**What you need to do**
A faithful, word-for-word copy of the records is required, and it must contain no pictures.

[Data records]
[Start of Attachment]

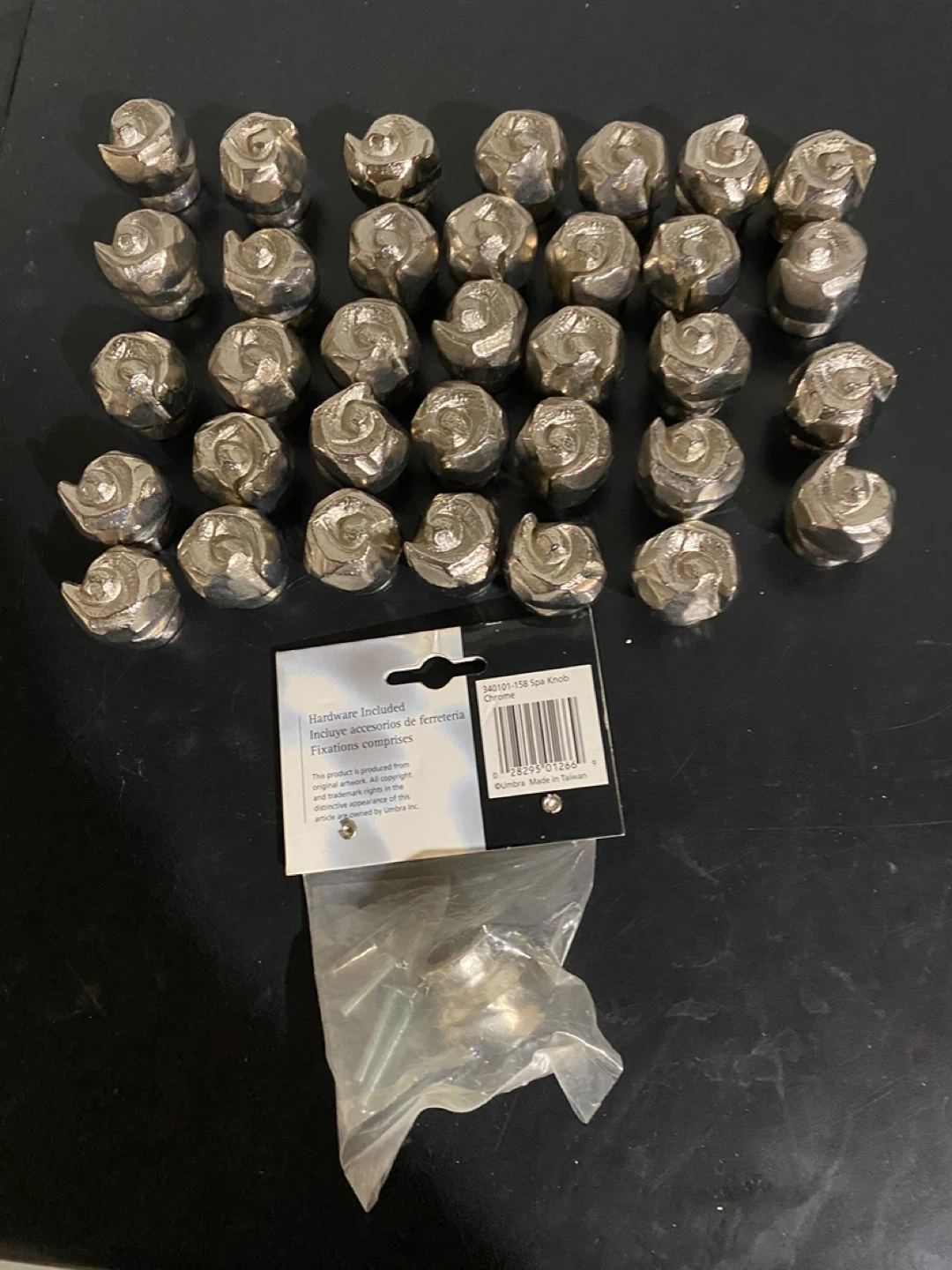 Selling a set of 32 Umbra SPA drawer knobs with a chrome finish! These knobs are brand new and still in their original packaging, complete with all the necessary hardware for installation. They're a great way to add a touch of elegance to your furniture or cabinets
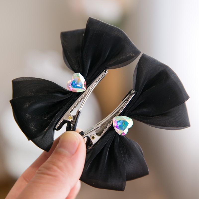 0972 snow yarn love heart a pair of hairclips black
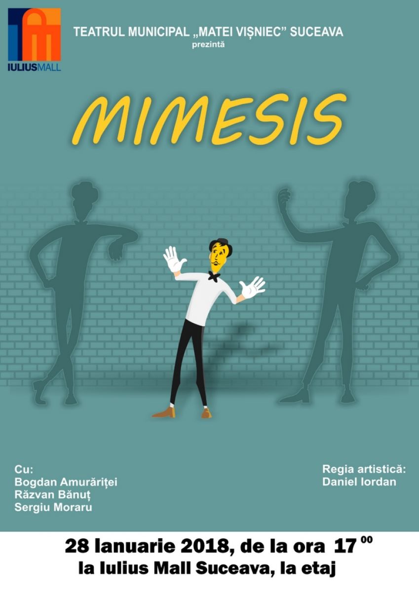 Duminică, de la ora 17.00, iubitorii artei dramaturgice primesc o invitație cu totul aparte. Iulius Mall le propune să petreacă o seară relaxantă, în compania unor actori carismatici și expresivi. Teatrul Municipal „Matei Vișniec” Suceava va prezenta în premieră producția „Mimesis”, în regia lui Daniel Iordan. Protagoniști vor fi actorii Bogdan Amurăriței, Răzvan Bănuț și Sergiu Moraru, rolurile lor fiind surprinzătoare. Și asta pentru că spectacolul are la bază mijloace de comunicare de tip nonverbal, personajele folosind mișcările și machiajul specific pentru pantomimă. Producția este una special concepută pentru spațiile neconvenționale, astfel încât clienții Iulius Mall se vor bucura de o experiență dramaturgică inedită.
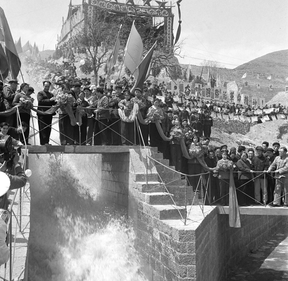 1966年4月20日,河南林县人民举行盛大集会,庆祝红旗渠三条干渠全面竣工通水。漳河水顺着红旗渠滚滚流来,广大干部群众热烈欢呼(资料照片)。
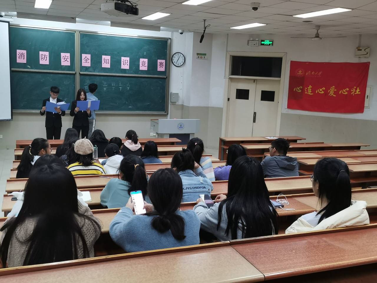 秋风送爽,红叶飞扬,beat365亚洲体育官方网站也迎来了消防安全月。消防安全是大学工作中的重中之重,为进一步强化老员工的消防安全意识,丰富消防安全知识,提高消防自护能力,并进行消防安全宣传教育,beat365亚洲体育官方网站心连心爱心社于11月14日晚7点至9点30分在第十一教学楼1301教室举行“消防知识入我心,安全校园共营造”消防安全知识竞赛活动,旨在以知识竞赛的形式让员工了解和掌握更多的消防安全小知识,提高大家的安全意识。2020级部分同学参加了此次竞赛活动。
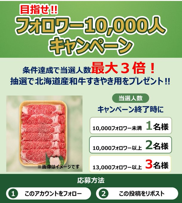 賞品:北海道産和牛すき焼き用(最大3名様)
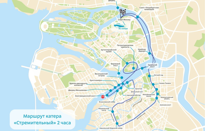 🚤 На симпатичном и ярком катере мы пройдём по Большой Невке, парадной Неве, Кронверкскому каналу и другим водным артериям города: р. Фонтанка, Крюков канал, р. Мойка, Зимняя канавка.
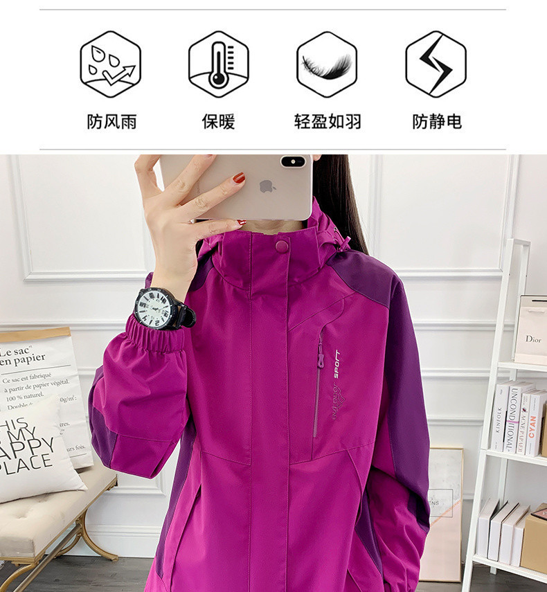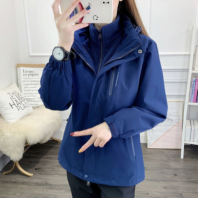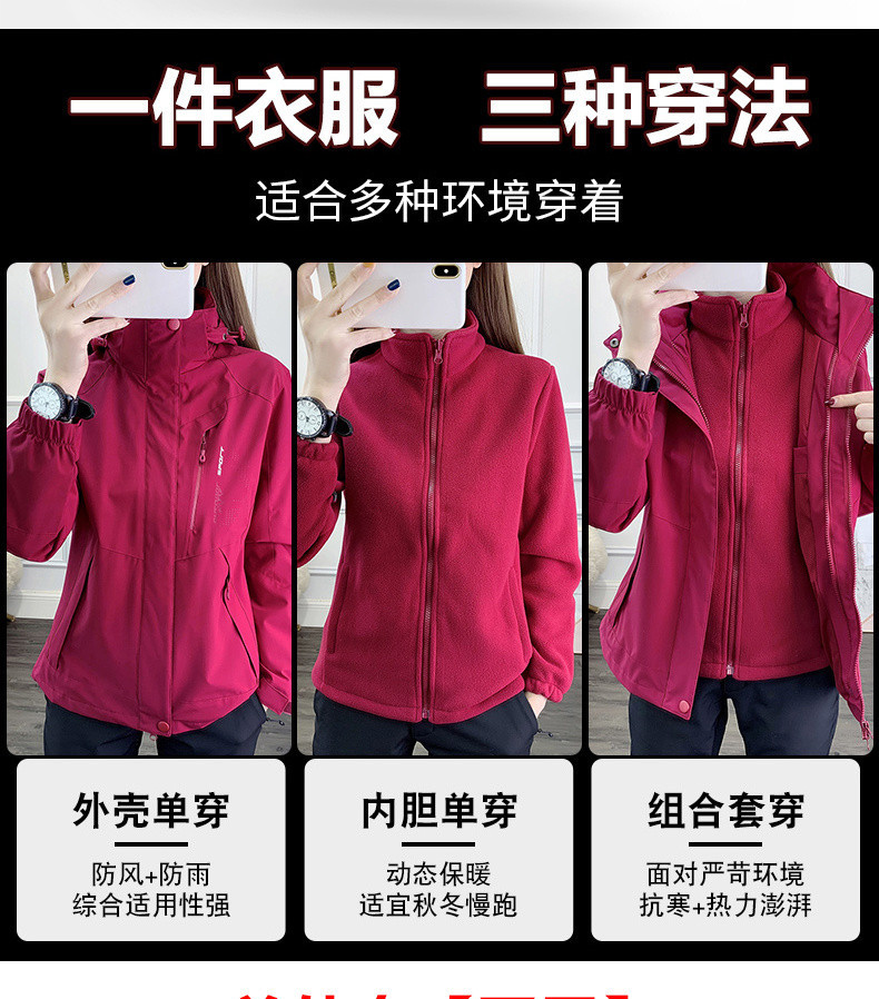 W6H 어머니 재킷 여성 가을, 겨울 중년 및 노인 야외 재킷 중년 50 세 3-in-One 두꺼운 등산 재킷

[End of Attachment]

**Written answer**
 Selling a set of 32 Umbra SPA drawer knobs with a chrome finish! These knobs are brand new and still in their original packaging, complete with all the necessary hardware for installation. They're a great way to add a touch of elegance to your furniture or cabinets
 0972 snow yarn love heart a pair of hairclips black
 Duminică, de la ora 17.00, iubitorii artei dramaturgice primesc o invitație cu totul aparte. Iulius Mall le propune să petreacă o seară relaxantă, în compania unor actori carismatici și expresivi. Teatrul Municipal „Matei Vișniec” Suceava va prezenta în premieră producția „Mimesis”, în regia lui Daniel Iordan. Protagoniști vor fi actorii Bogdan Amurăriței, Răzvan Bănuț și Sergiu Moraru, rolurile lor fiind surprinzătoare. Și asta pentru că spectacolul are la bază mijloace de comunicare de tip nonverbal, personajele folosind mișcările și machiajul specific pentru pantomimă. Producția este una special concepută pentru spațiile neconvenționale, astfel încât clienții Iulius Mall se vor bucura de o experiență dramaturgică inedită.
 1966年4月20日,河南林县人民举行盛大集会,庆祝红旗渠三条干渠全面竣工通水。漳河水顺着红旗渠滚滚流来,广大干部群众热烈欢呼(资料照片)。
 秋风送爽,红叶飞扬,beat365亚洲体育官方网站也迎来了消防安全月。消防安全是大学工作中的重中之重,为进一步强化老员工的消防安全意识,丰富消防安全知识,提高消防自护能力,并进行消防安全宣传教育,beat365亚洲体育官方网站心连心爱心社于11月14日晚7点至9点30分在第十一教学楼1301教室举行“消防知识入我心,安全校园共营造”消防安全知识竞赛活动,旨在以知识竞赛的形式让员工了解和掌握更多的消防安全小知识,提高大家的安全意识。2020级部分同学参加了此次竞赛活动。
 賞品:北海道産和牛すき焼き用(最大3名様)
 🚤 На симпатичном и ярком катере мы пройдём по Большой Невке, парадной Неве, Кронверкскому каналу и другим водным артериям города: р. Фонтанка, Крюков канал, р. Мойка, Зимняя канавка.
 W6H 어머니 재킷 여성 가을, 겨울 중년 및 노인 야외 재킷 중년 50 세 3-in-One 두꺼운 등산 재킷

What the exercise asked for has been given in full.